▸ TASK INSTRUCTIONS
What you return should be the lines from the one with "- De twee delen" through the one with "Pile of watermelons" in the data below, reproduced exactly with both ends, and no pictures at all.

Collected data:
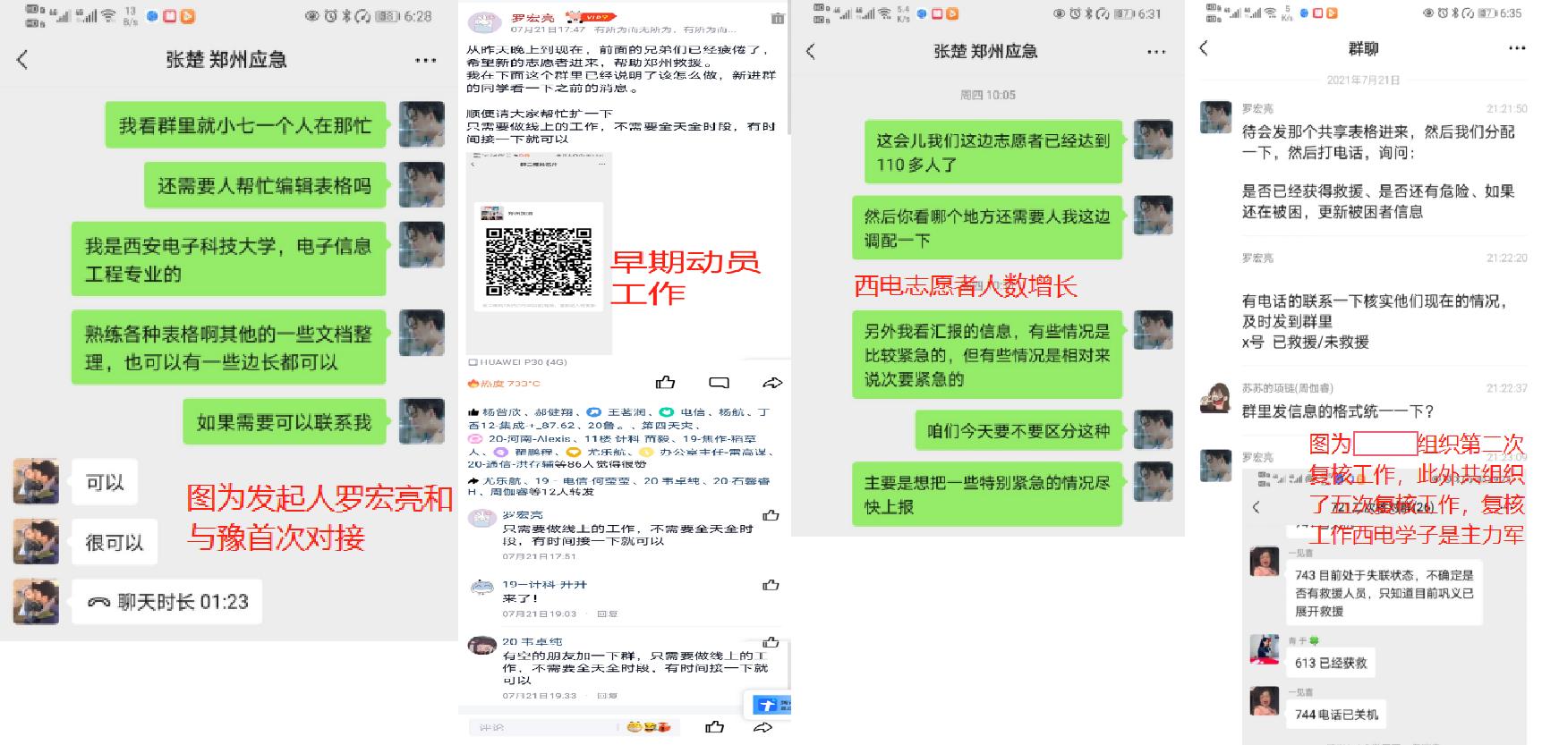 隨后,羅宏亮通過QQ空間和微信朋友圈發布倡議,希望更多的西電學子可以加入到河南汛情志愿服務工作中。發出倡議后,參與志愿服務活動的信息迅速在西電學子中擴散。截至7月21日晚,80余位西電學子迅速加入到“與豫”志愿者團隊,并且建立起原始信息錄入、求助信息電話核實、反饋信息錄入、早期求助信息再核實、各類信息上報的閉環流程。志愿者團隊采取輪班制,24小時不間斷工作,除了凌晨的兩三個小時的休息時間,每個環節都有西電學子在工作,當時已經記錄核實并上報1400余條求救信息。
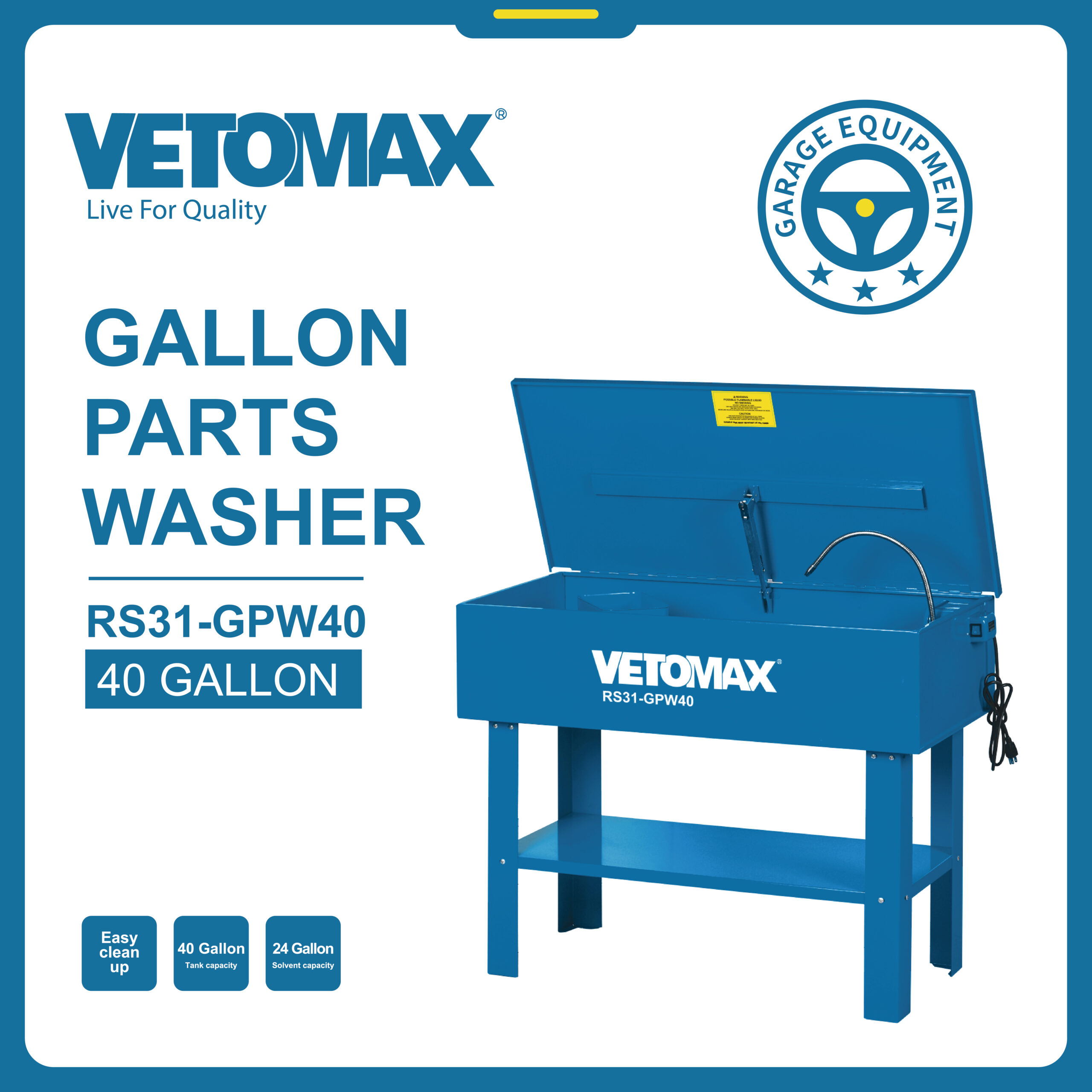 GALLON PARTS WASHER 40 gallon capacity Max Pump output through spigot: 2.7-3.3Liter/Min Electric requirement: 220V-240V,50Hz Max Head: 2.2 m Solvent capacity: 24 Gallon Overall size: 113x54x89cm Carton packing
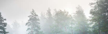 Foggy morning in the coniferous forest, panorama
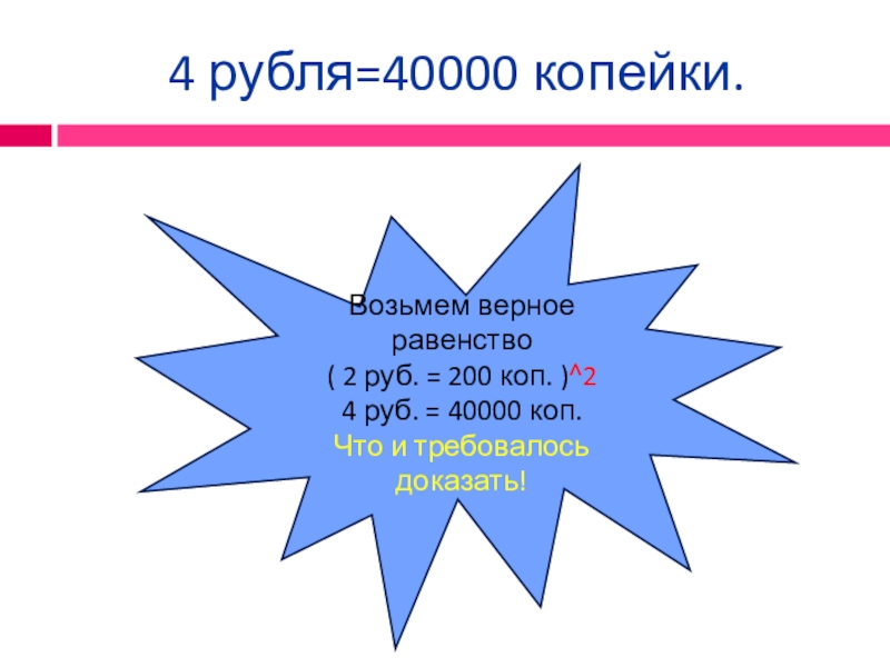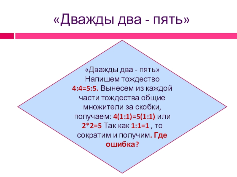 «Дважды два - пять» Напишем тождество 4:4=5:5. Вынесем
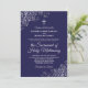 Elegant Navy Blue & Silver Modern Catholic Wedding Invitation
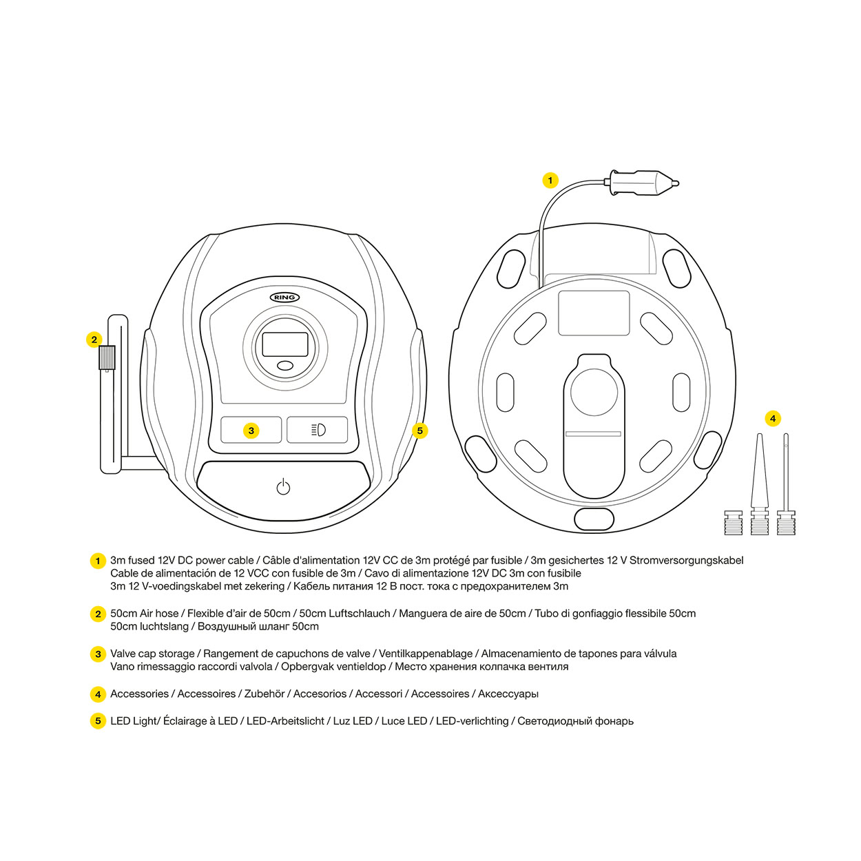 RTC400 - это цифровой скоростной компрессор со встроенным светодиодным фонарем. Работает от 12В разъема типа "прикуриватель", максимальное потребление тока 10 А. Рекомендован для спортивных легковых автомобилей, автомобилей с колесной формулой 4х4, микроавтобусов, автоприцепов и т.п. В комплекте удобный чехол для хранения и аксессуары для накачки мячей, шин и др. Шнур питания сворачивается внутрь устройства с помощью специального приспособления
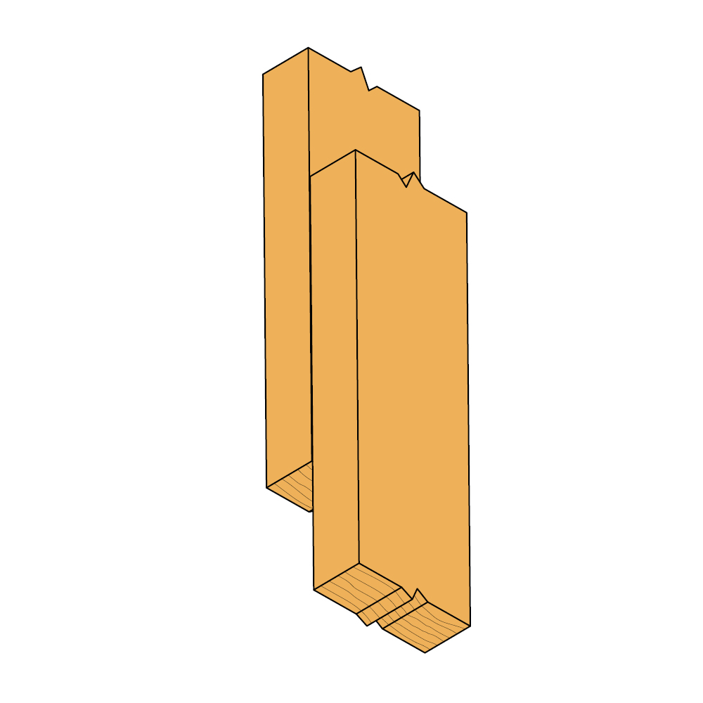 - De twee delen van de ICST staan tegenover elkaar in de eindpositie. Beide houten elementen kunnen eenvoudig aan elkaar verbonden worden via een geleidingsklauw op het spie-eind.
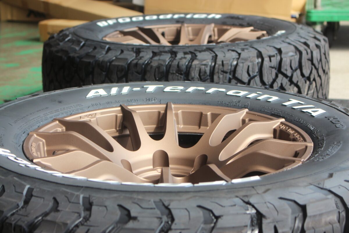 アメリカのタイヤメーカーBFグッドリッチのオールテレーンタイヤT/A KO3を組み合わせます。前モデルのKO2から車内静粛性とウェット性能が向上し、オフロード性能も見直しを実施。
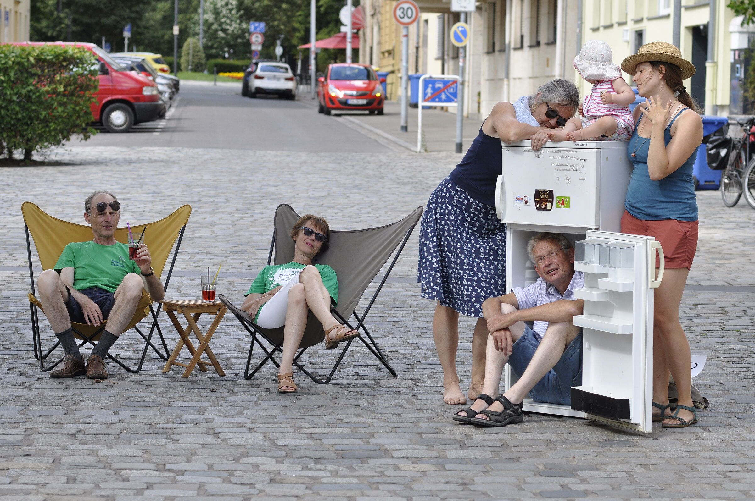 Bamberg. Die Temperaturen steigen stetig und ein heißer Tag jagt den nächsten. Nun sollte jeder verstanden haben, dass wir uns in einer Phase der stetigen Erderwärmung befinden und dass die Klimakatastrophe in vollem Gange ist. Mit einer symbolischen Aktion machte der BUND Naturschutz Bamberg (BN) darauf aufmerksam und mahnte mehr Schatten spendende Bäume in der Stadt und wirksamen Klimaschutz auf allen Ebenen an.
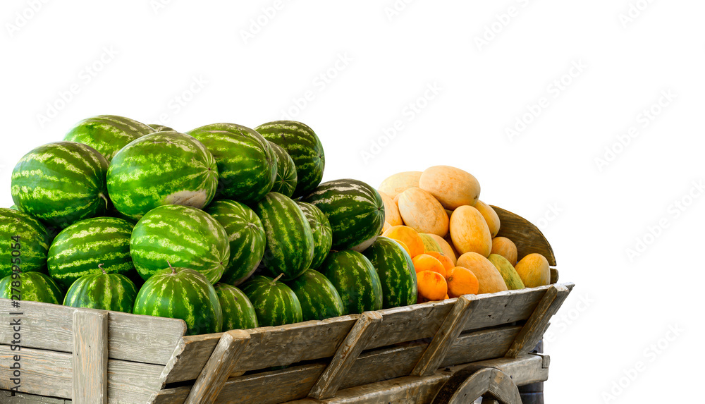 Pile of watermelons and melons isolated on white.
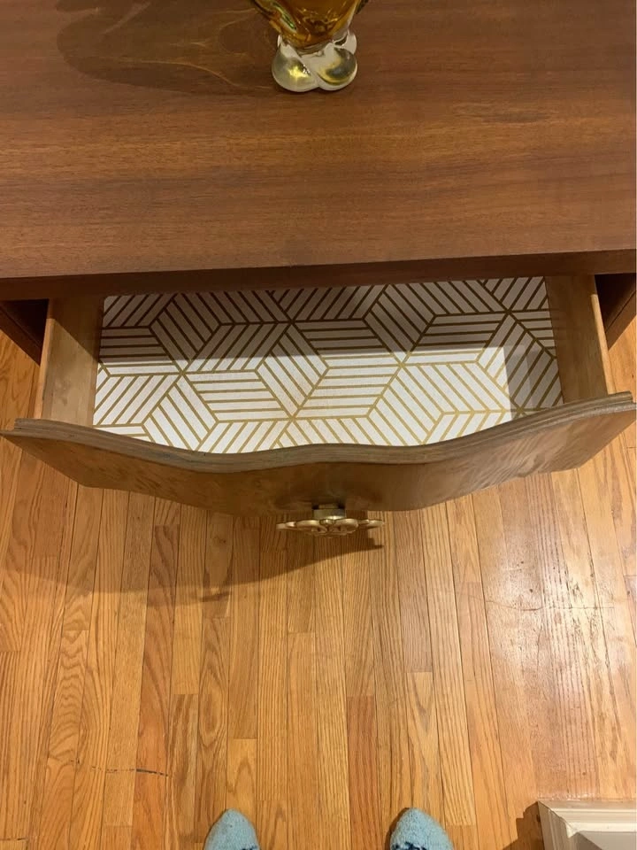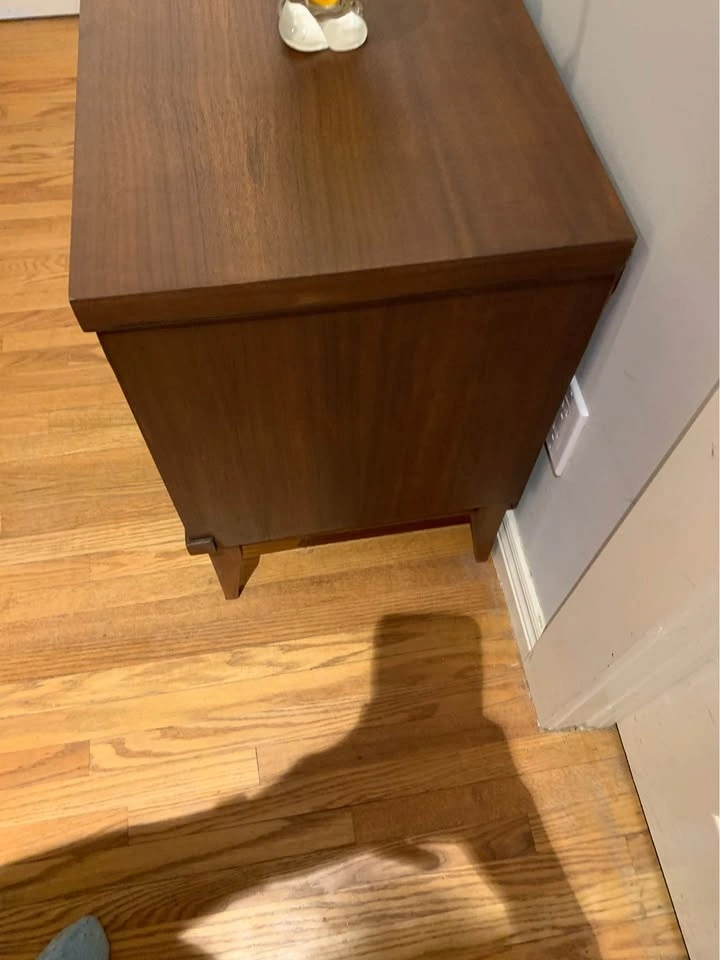 Beautifully refinished classic Mid-Century Modern (MCM) walnut nightstand, likely dating from the 1950s or 60s. It features characteristic MCM design elements, including tapered "stiletto" legs and a distinctive bowed drawer front adorned with an ornate brass floral-sunburst pull that spans both drawers. Top coated for full protection. Dimensions: Width-24”, Height-25”, Depth-16”. Pick up in Brampton L6T 2S6.

▸ OUTPUT FOR THIS TASK
 - De twee delen van de ICST staan tegenover elkaar in de eindpositie. Beide houten elementen kunnen eenvoudig aan elkaar verbonden worden via een geleidingsklauw op het spie-eind.
 アメリカのタイヤメーカーBFグッドリッチのオールテレーンタイヤT/A KO3を組み合わせます。前モデルのKO2から車内静粛性とウェット性能が向上し、オフロード性能も見直しを実施。
 Bamberg. Die Temperaturen steigen stetig und ein heißer Tag jagt den nächsten. Nun sollte jeder verstanden haben, dass wir uns in einer Phase der stetigen Erderwärmung befinden und dass die Klimakatastrophe in vollem Gange ist. Mit einer symbolischen Aktion machte der BUND Naturschutz Bamberg (BN) darauf aufmerksam und mahnte mehr Schatten spendende Bäume in der Stadt und wirksamen Klimaschutz auf allen Ebenen an.
 Pile of watermelons and melons isolated on white.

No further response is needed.